I usually bath Lacie 1st, wrap her in a towel and hand her to hubby. He changes to a second towel, and cuddles Lacie while I bath Tilly.

By then, it's time to trade furbabies. He takes Tilly and cuddles her in the towel while I blow dry Lacie and finish her grooming. 

By then, it's time to blow dry Tilly and finish her grooming.

Works for us. :biggrin:


----------



## Bonnie's Mommie (Mar 2, 2006)

I always do the wrap, too. I call it Mommie and Me time! She curls up and practically falls asleep, after the torture of a bath. :biggrin: It's so wonderful to feel her warm little body wrapped up in the towel, against my chest.


----------



## Mollygirl (Aug 31, 2008)

That's a great tip, thanks, I will try that next time I bath her.


----------



## bonniesmom (Jun 2, 2008)

QUOTE (Lacie's Mom @ Nov 5 2008, 03:21 PM) index.php?act=findpost&pid=664646


> In the winter we warm the towels. In the summer we don't.
> 
> I usually bath Lacie 1st, wrap her in a towel and hand her to hubby. He changes to a second towel, and cuddles Lacie while I bath Tilly.
> 
> ...


That sounds like a very efficient system you've worked out! :thumbsup:


----------



## Harley & Dakotas Mum (Jun 11, 2005)

I have a question regarding towels ... I hope this isn't too off topic ....
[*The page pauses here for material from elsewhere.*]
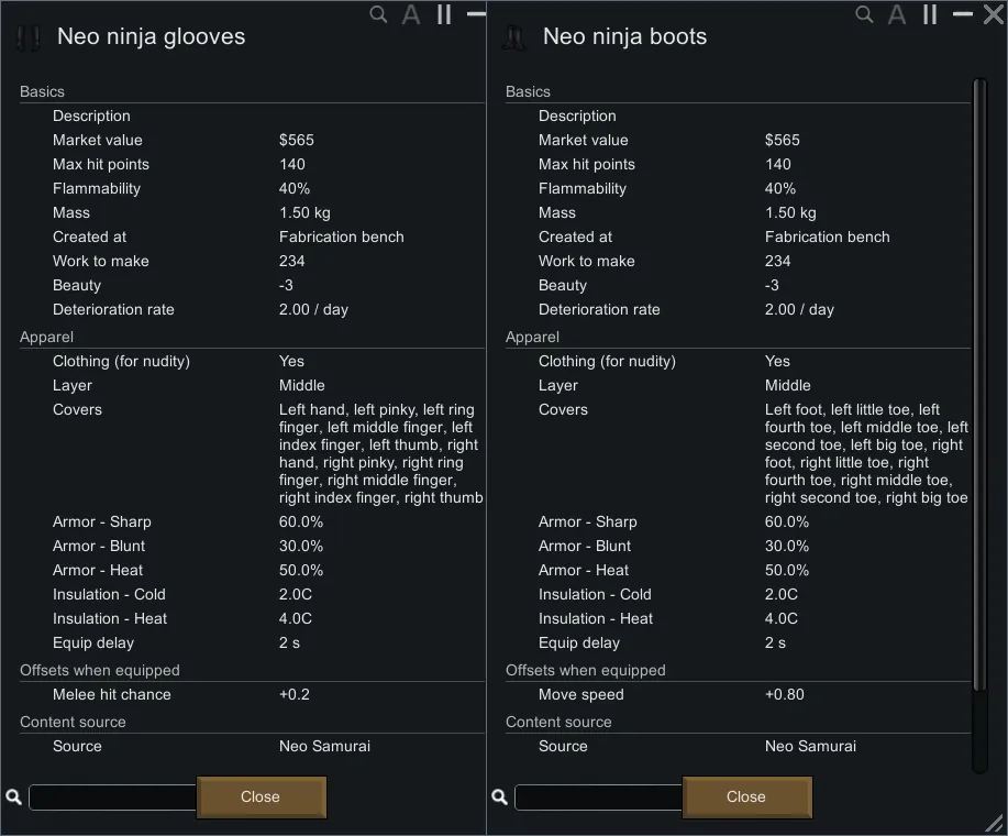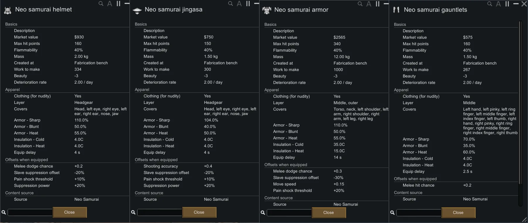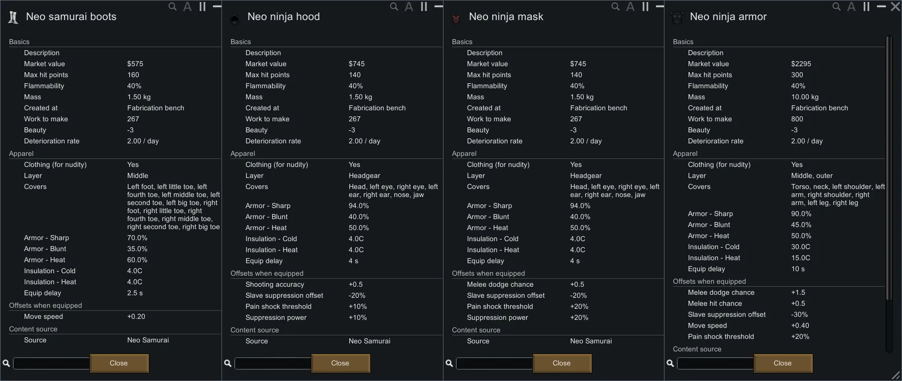 The neo samurai helmet and neo ninja mask provide a bonus to evade in melee attacks,

I have a bunch of towels for the babies - ranging from my old (quite thin) ones, to new ones that a lovely & fluffy & full.
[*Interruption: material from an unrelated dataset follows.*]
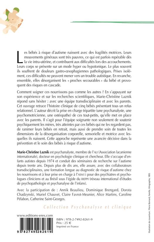 Les bébés à risque d’autisme naissent avec des fragilités motrices. Leurs mouvements généraux sont très pauvres, ce qui est parfois repérable dès la vie intra-utérine, et contribuent aux difficultés lors des accouchements. Leurs corps se présente sur un mode hyper ou hypotonique. Le plus souvent ils souffrent de douleurs gastro-œsophagiennes pathologiques. Prises isolément, ces difficultés ne peuvent mener vers un trouble autistique. En revanche, ensemble, elles désorganisent les « proches secourables » du bébé et provoquent des risques en cascade. Comment soigner ces nourrissons pas comme les autres ? En s’appuyant sur son expérience et sur les recherches scientifiques, Marie-Christine Laznik répond sans hésiter : avec une équipe transdisciplinaire et avec les parents. Cet ouvrage retrace l’histoire clinique de cinq bébés présentant tous un refus relationnel. L’auteur décrit la prise en charge tripartite (une psychanalyste, une psychomotricienne, une ostéopathe) de ces tout-petits, qu’elle met en place avec les parents. Il s’agit pour l’équipe soignante non seulement de soutenir psychiquement les mères, très atteintes par ces bébés qui ne les regardent pas, de ranimer leurs bébés en retrait, mais aussi de prendre soin de toutes les dimensions de la désorganisation corporelle, sensorielle et motrice avec lesquelles ils naissent. Cette approche, évaluée scientifiquement, représente une avancée décisive dans la prévention et le soin des bébés à risque d’autisme.

I find that although the old, thin towels get really quite wet and I end up using more of them, I do find them more absorbent. Am I crazy? Logic tells me the fuller, fluffier (newer) towels _should_ be more absorbent, but I find myself reaching for the thinner (older) towels - does it make a difference?


----------



## lilguyparker (Aug 16, 2007)

QUOTE (Harley & Dakotas Mum @ Nov 6 2008, 01:35 AM) index.php?act=findpost&pid=664971


> I have a question regarding towels ... I hope this isn't too off topic ....
> 
> I have a bunch of towels for the babies - ranging from my old (quite thin) ones, to new ones that a lovely & fluffy & full.
> 
> I find that although the old, thin towels get really quite wet and I end up using more of them, I do find them more absorbent. Am I crazy? Logic tells me the fuller, fluffier (newer) towels _should_ be more absorbent, but I find myself reaching for the thinner (older) towels - does it make a difference?[/B]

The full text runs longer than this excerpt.